What the task requires: Locate the line bearing "TikTok livestreaming focuses" in the material below, then reproduce it and each following line up to and including the line bearing "Di antaranya dengan".

Data extracts:

========

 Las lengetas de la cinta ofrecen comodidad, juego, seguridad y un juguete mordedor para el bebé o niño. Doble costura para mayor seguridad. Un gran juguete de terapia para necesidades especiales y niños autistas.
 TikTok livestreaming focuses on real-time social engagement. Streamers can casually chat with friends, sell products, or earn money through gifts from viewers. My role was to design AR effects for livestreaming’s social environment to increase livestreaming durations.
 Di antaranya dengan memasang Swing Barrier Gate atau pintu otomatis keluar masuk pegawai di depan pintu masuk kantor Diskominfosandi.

========

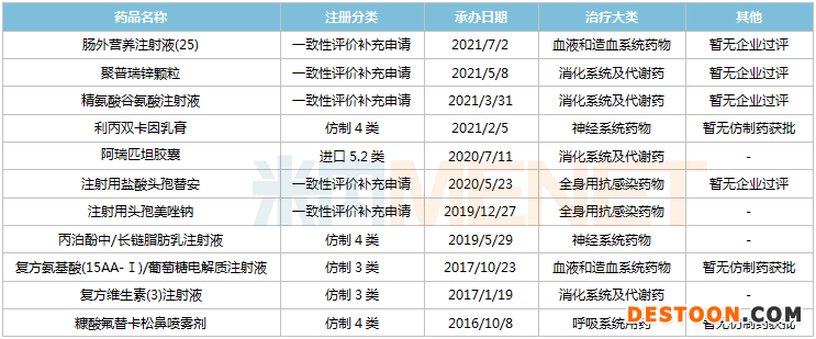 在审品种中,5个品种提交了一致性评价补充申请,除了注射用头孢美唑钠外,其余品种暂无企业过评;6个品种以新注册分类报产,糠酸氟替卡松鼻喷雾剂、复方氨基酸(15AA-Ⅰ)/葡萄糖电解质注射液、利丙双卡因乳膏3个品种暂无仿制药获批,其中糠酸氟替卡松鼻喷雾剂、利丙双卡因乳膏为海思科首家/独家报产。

========

Solution to the problem:
 TikTok livestreaming focuses on real-time social engagement. Streamers can casually chat with friends, sell products, or earn money through gifts from viewers. My role was to design AR effects for livestreaming’s social environment to increase livestreaming durations.
 Di antaranya dengan memasang Swing Barrier Gate atau pintu otomatis keluar masuk pegawai di depan pintu masuk kantor Diskominfosandi.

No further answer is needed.